Atwood emphasizes that nothing in the book is written without historical precedence. “I did not make anything up. These things have been done, somehow, some time, some place,” she told me, ticking off Ceausescu, Nazi Germany’s Lebensborn policy to increase the Aryan population, and a worldwide history of polygamy, including in the U.S.

She noted to her Trinity Audience that current comparisons between her portrayal of women’s subjugation in The Handmaid’s Tale and conservatives’ attempts to restrict women’s reproductive choices are not new; they began when the book was first published more than three decades ago.
“In the U.S., even then, they said, ‘How long have we got?’ Others said, ‘Don’t be silly Margaret, such a thing could never happen in this country,” Atwood says, pausing. “Ah. Yes.”
“The constitution hangs between you and totalitarianism,” she continued. “There have to be just laws … enforced by a judiciary that is separate from the government in power… Otherwise you’re not going to be in a democracy anymore.”
But Atwood is not without hope. In the core values of the #MeToo movement, for example, particularly if it leads to systemic changes in law and institutions. And in a growing, passionate response by American students to the fatal shootings of 17 people at Marjory Stoneman Douglas High School in Parkland, Florida, last month.

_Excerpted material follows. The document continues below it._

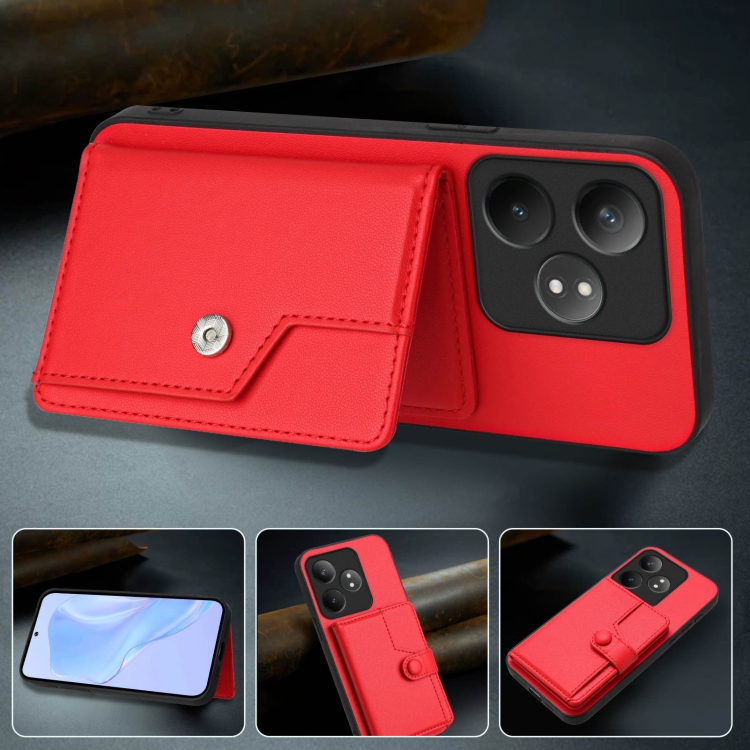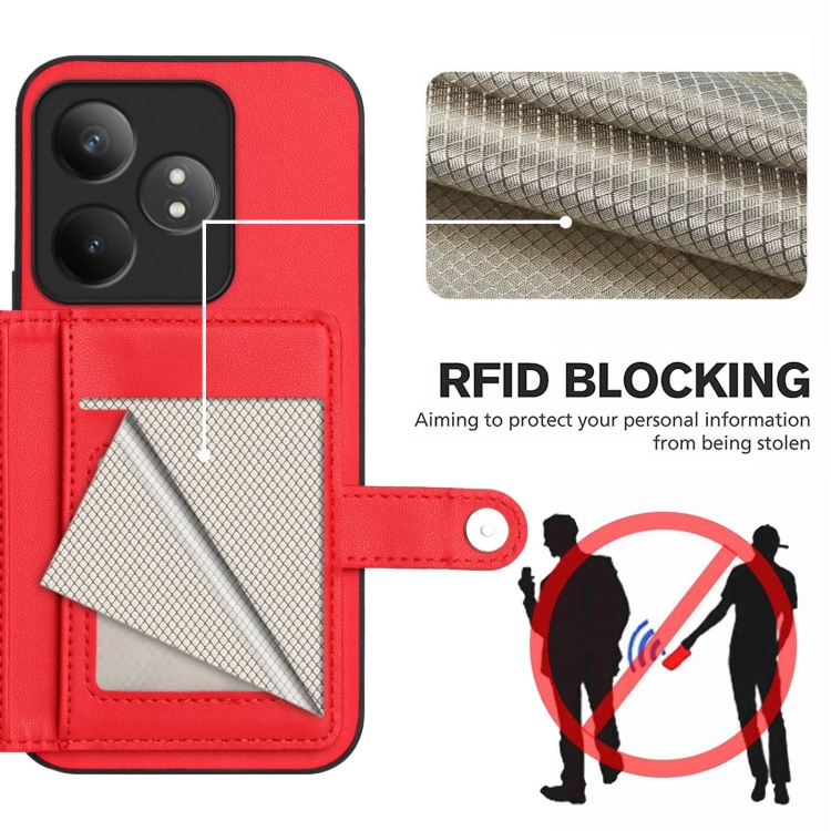 Funda para Teléfono Antirrobo con Botón y TaRJetero Rfid para Realme Gt Neo6 Se (Rojo)

“It’s the kids taking the banner and demanding change. That’s what’s changing it,” she said.
She is a novelist who eschews easy answers, however, so she leaves a listener with a last thought, one reflecting a hint of skepticism as a hedge against history and human behavior.
“The question is,” she asks, referring to students’ movement (or any social movement, really), “will it last?”
Predictably, perhaps, Atwood avoids simple conclusions. Although different from the president, she, too, is an “inexhaustible subject.”